The Finnish court has sentenced a 26-year-old man to six years and three months in prison for hacking tens of thousands of patient records at a private psychotherapy center and attempting to extort ransom from some of the affected individuals. The case, which came to light in October 2020, has sparked outrage in Finland, with a record number of about 24,000 people filing criminal complaints with the police. The defendant, Aleksanteri Kivimäki, was arrested in France in February 2023 and deported to Finland for trial, which concluded recently. The Länsi-Uusimaa District Court found Kivimäki guilty of aggravated data breach, blackmail attempts, and dissemination of private information.
The court described the crimes committed by Kivimäki as “ruthless” and “very damaging,” particularly considering the psychological impact on the victims. The hacker gained unauthorized access to the Vastaamo psychotherapy center’s information system in 2018 and downloaded the database containing details of approximately 33,000 clients. Lawyer Jenni Raiskio, representing around 1,500 clients, revealed that some victims had tragically died by suicide due to the sensitive nature of the leaked information. Vastaamo, which operated as a subcontractor for Finland’s public health system, went bankrupt in 2021 amid suspicions of insufficient data protection measures.
Prosecutors disclosed that Kivimäki initially demanded a significant sum of money in bitcoins from Vastaamo in exchange for not disclosing the patient records. When the center refused to comply, the hacker began publishing the information on the dark web and sent messages to patients requesting ransom payments ranging from 200 to 500 euros. Approximately 20 patients paid the demanded amounts, according to the prosecutors. Despite the charges brought against him, Kivimäki denied any wrongdoing and intends to appeal the court’s decision. His lawyer confirmed the possibility of filing an appeal against the verdict, given the maximum sentence of seven years sought by the prosecution.

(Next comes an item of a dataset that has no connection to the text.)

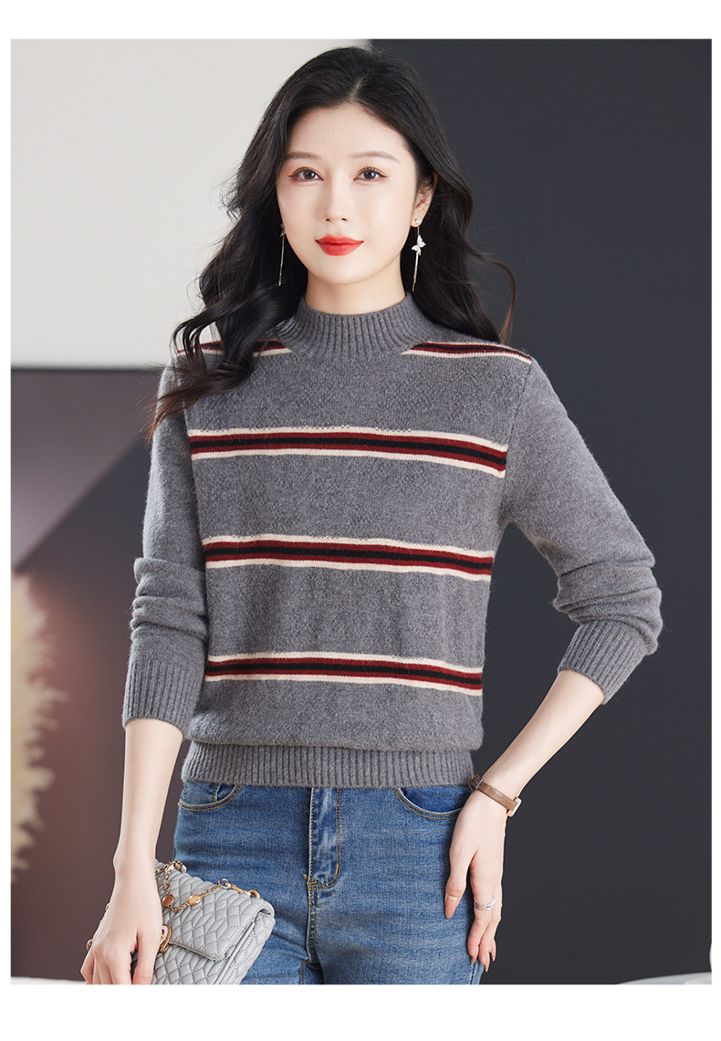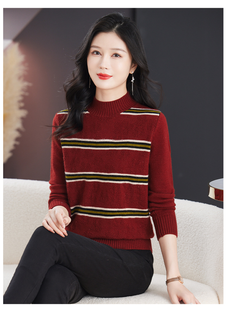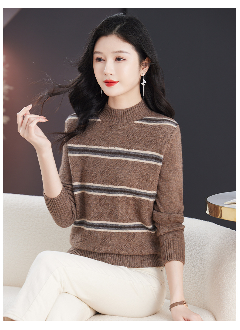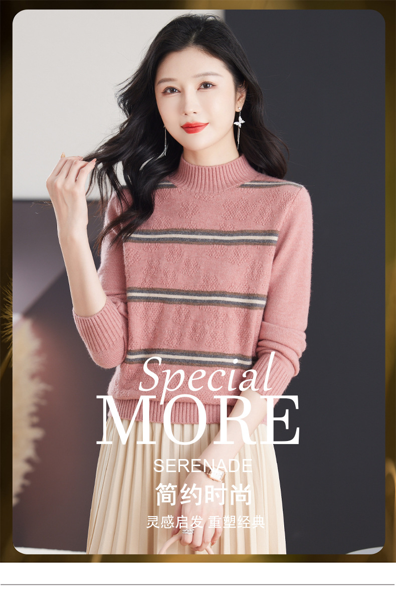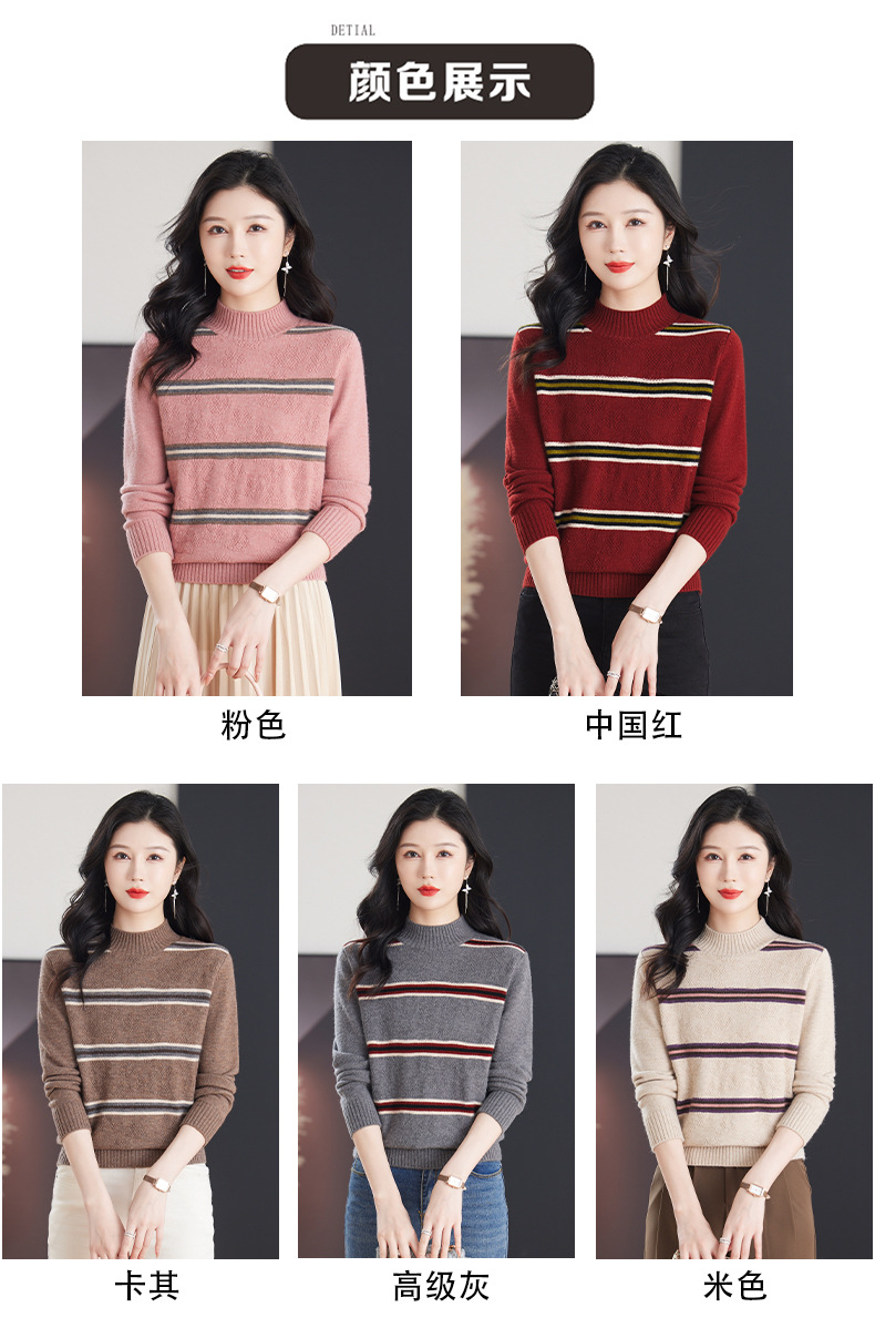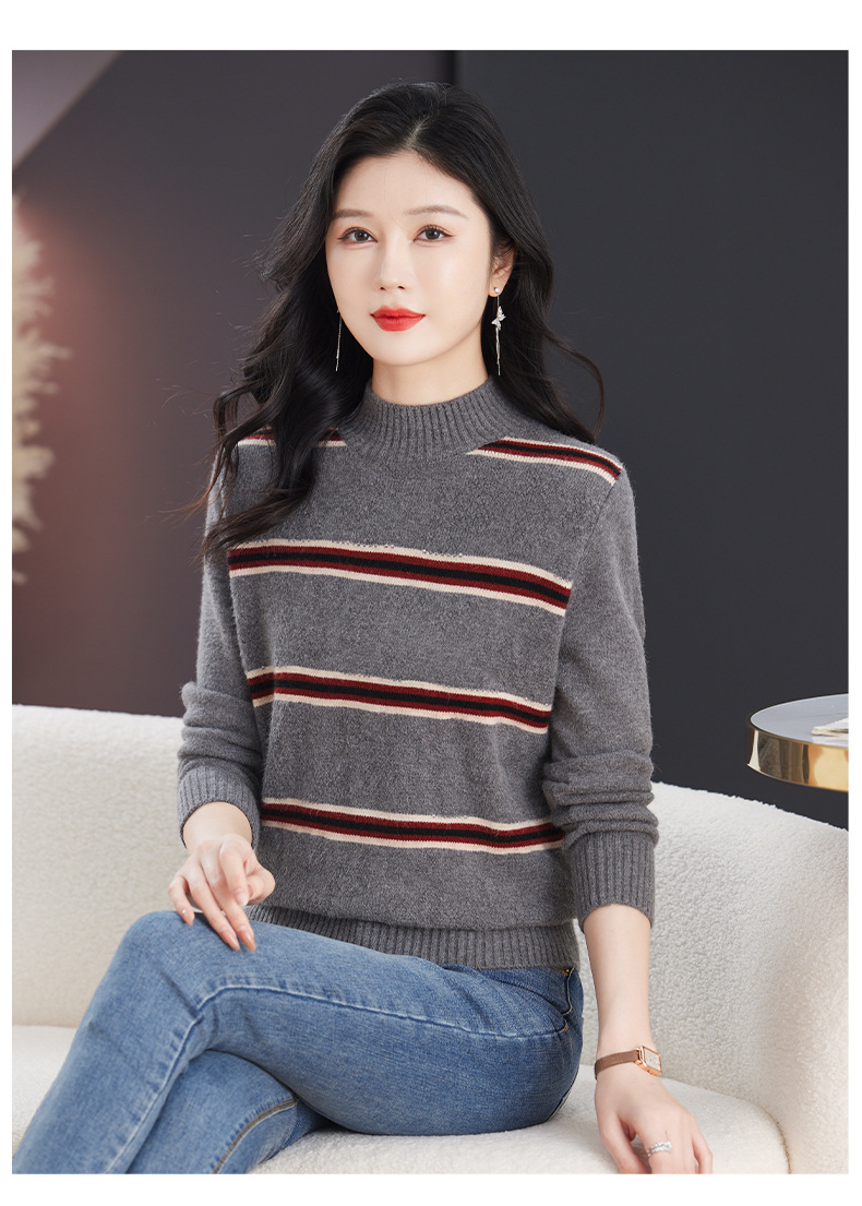 CC-103-79012条纹羊毛针织衫女2024秋冬新款半高领长袖宽松保暖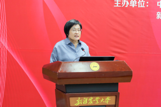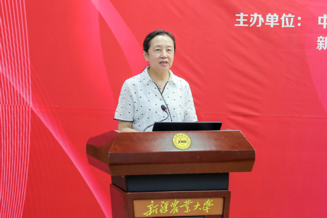 6月27日,第二十届新疆社会科学界学术年会“全面推进乡村振兴 加快新疆农业强区建设”学术专场在新疆农业大学举行。自治区社科联党组书记、副主席卢春萍,新疆农业大学党委书记谢树青出席会议并致辞。自治区社科联二级巡视员钟广新宣读入选“全面推进乡村振兴 加快新疆农业强区建设”学术专场论文名单。新疆农业大学党委副书记、马克思主义学院院长张小楠主持会议。

Kivimäki’s criminal history includes previous convictions for hacking offenses committed at a young age, involving over 50,000 servers. He was also convicted in the United States for hacking incidents related to the U.S. Air Force and Sony Online Entertainment. The repercussions of the Vastaamo data breach prompted the Finnish government to expedite legislative changes enabling citizens to modify their personal identity codes in cases of severe data breaches with a heightened risk of identity theft. This measure aims to provide additional protection to individuals affected by data breaches, ensuring their privacy and security in the digital environment. The case underscores the importance of robust cybersecurity measures and stringent penalties for individuals engaging in cybercrimes that compromise sensitive personal information.